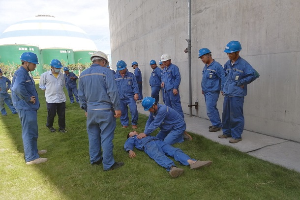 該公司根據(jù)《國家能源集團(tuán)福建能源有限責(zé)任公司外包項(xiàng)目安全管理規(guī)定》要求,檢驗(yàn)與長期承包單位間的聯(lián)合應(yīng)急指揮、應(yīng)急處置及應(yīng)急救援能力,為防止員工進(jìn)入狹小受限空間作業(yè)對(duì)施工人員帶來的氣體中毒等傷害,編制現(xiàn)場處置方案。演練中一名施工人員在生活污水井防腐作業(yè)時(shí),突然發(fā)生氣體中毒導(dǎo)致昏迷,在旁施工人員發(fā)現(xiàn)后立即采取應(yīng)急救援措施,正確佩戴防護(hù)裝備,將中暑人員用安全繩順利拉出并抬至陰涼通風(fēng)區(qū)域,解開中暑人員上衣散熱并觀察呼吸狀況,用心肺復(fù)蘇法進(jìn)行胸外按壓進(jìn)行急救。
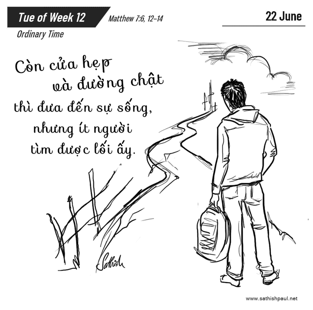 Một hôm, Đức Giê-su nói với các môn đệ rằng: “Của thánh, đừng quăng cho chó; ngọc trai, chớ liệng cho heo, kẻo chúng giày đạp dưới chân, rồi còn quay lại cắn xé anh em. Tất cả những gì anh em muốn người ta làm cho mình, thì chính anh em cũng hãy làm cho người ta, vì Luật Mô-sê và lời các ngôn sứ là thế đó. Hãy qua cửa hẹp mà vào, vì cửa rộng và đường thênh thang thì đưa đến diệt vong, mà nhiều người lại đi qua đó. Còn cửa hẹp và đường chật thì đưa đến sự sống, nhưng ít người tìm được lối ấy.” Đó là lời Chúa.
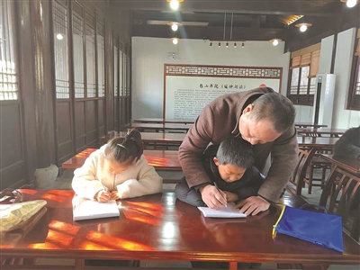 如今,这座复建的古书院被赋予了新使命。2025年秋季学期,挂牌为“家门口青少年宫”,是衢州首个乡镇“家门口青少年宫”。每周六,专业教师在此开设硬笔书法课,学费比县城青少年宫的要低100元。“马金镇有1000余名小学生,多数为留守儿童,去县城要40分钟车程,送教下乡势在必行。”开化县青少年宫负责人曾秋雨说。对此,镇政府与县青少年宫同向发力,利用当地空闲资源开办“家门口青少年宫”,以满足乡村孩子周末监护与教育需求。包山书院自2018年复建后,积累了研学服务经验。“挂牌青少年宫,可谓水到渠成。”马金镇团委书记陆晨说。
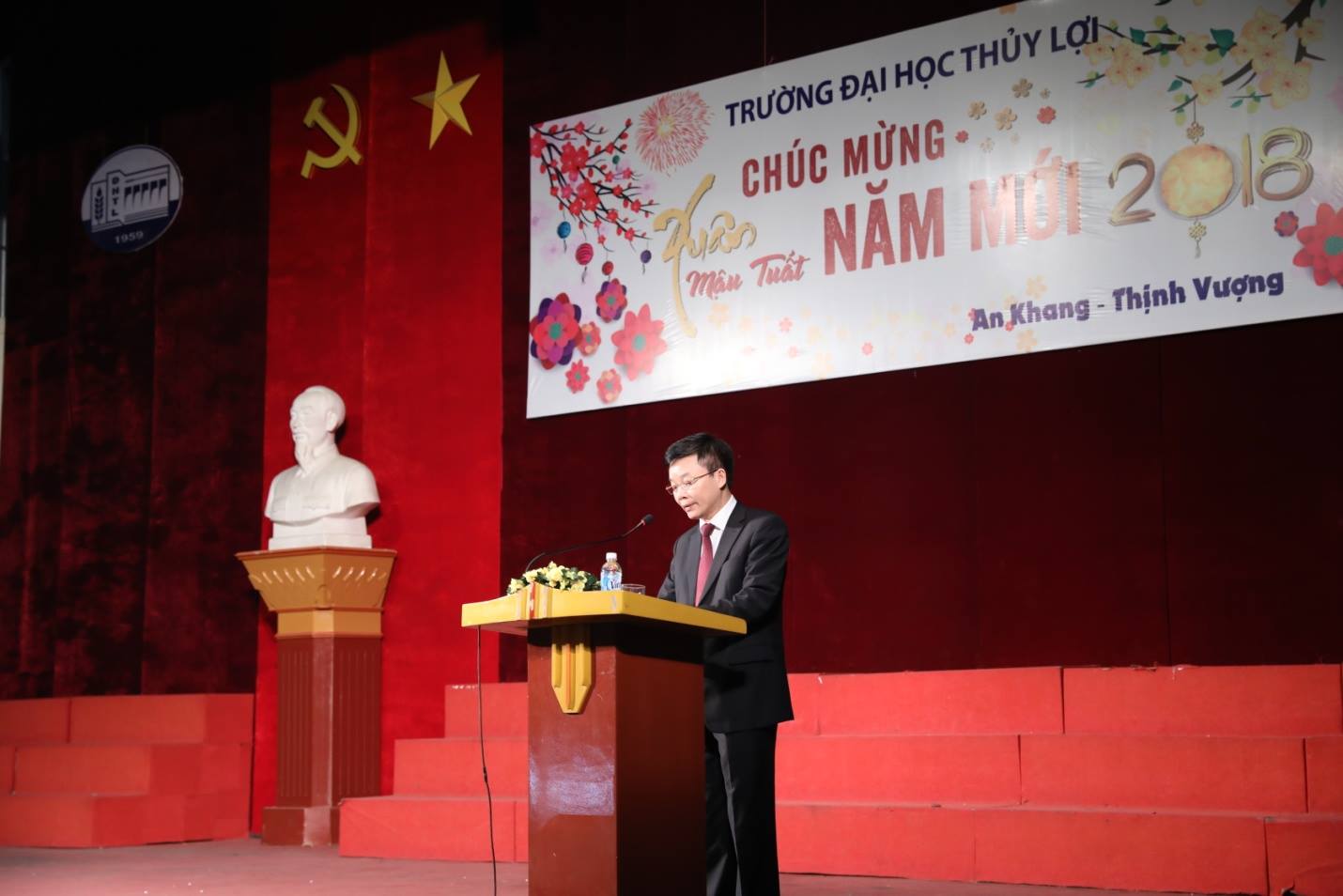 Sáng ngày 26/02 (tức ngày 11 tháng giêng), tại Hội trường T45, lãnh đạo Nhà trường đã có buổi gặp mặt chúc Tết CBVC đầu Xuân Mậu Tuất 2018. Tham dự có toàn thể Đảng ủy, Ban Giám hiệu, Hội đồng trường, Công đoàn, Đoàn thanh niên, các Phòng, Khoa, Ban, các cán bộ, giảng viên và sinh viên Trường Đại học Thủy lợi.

[Work instruction] Reproduce the material word for word. Skip every picture it holds.

[Answer to the exercise]
 該公司根據(jù)《國家能源集團(tuán)福建能源有限責(zé)任公司外包項(xiàng)目安全管理規(guī)定》要求,檢驗(yàn)與長期承包單位間的聯(lián)合應(yīng)急指揮、應(yīng)急處置及應(yīng)急救援能力,為防止員工進(jìn)入狹小受限空間作業(yè)對(duì)施工人員帶來的氣體中毒等傷害,編制現(xiàn)場處置方案。演練中一名施工人員在生活污水井防腐作業(yè)時(shí),突然發(fā)生氣體中毒導(dǎo)致昏迷,在旁施工人員發(fā)現(xiàn)后立即采取應(yīng)急救援措施,正確佩戴防護(hù)裝備,將中暑人員用安全繩順利拉出并抬至陰涼通風(fēng)區(qū)域,解開中暑人員上衣散熱并觀察呼吸狀況,用心肺復(fù)蘇法進(jìn)行胸外按壓進(jìn)行急救。
 Một hôm, Đức Giê-su nói với các môn đệ rằng: “Của thánh, đừng quăng cho chó; ngọc trai, chớ liệng cho heo, kẻo chúng giày đạp dưới chân, rồi còn quay lại cắn xé anh em. Tất cả những gì anh em muốn người ta làm cho mình, thì chính anh em cũng hãy làm cho người ta, vì Luật Mô-sê và lời các ngôn sứ là thế đó. Hãy qua cửa hẹp mà vào, vì cửa rộng và đường thênh thang thì đưa đến diệt vong, mà nhiều người lại đi qua đó. Còn cửa hẹp và đường chật thì đưa đến sự sống, nhưng ít người tìm được lối ấy.” Đó là lời Chúa.
 如今,这座复建的古书院被赋予了新使命。2025年秋季学期,挂牌为“家门口青少年宫”,是衢州首个乡镇“家门口青少年宫”。每周六,专业教师在此开设硬笔书法课,学费比县城青少年宫的要低100元。“马金镇有1000余名小学生,多数为留守儿童,去县城要40分钟车程,送教下乡势在必行。”开化县青少年宫负责人曾秋雨说。对此,镇政府与县青少年宫同向发力,利用当地空闲资源开办“家门口青少年宫”,以满足乡村孩子周末监护与教育需求。包山书院自2018年复建后,积累了研学服务经验。“挂牌青少年宫,可谓水到渠成。”马金镇团委书记陆晨说。
 Sáng ngày 26/02 (tức ngày 11 tháng giêng), tại Hội trường T45, lãnh đạo Nhà trường đã có buổi gặp mặt chúc Tết CBVC đầu Xuân Mậu Tuất 2018. Tham dự có toàn thể Đảng ủy, Ban Giám hiệu, Hội đồng trường, Công đoàn, Đoàn thanh niên, các Phòng, Khoa, Ban, các cán bộ, giảng viên và sinh viên Trường Đại học Thủy lợi.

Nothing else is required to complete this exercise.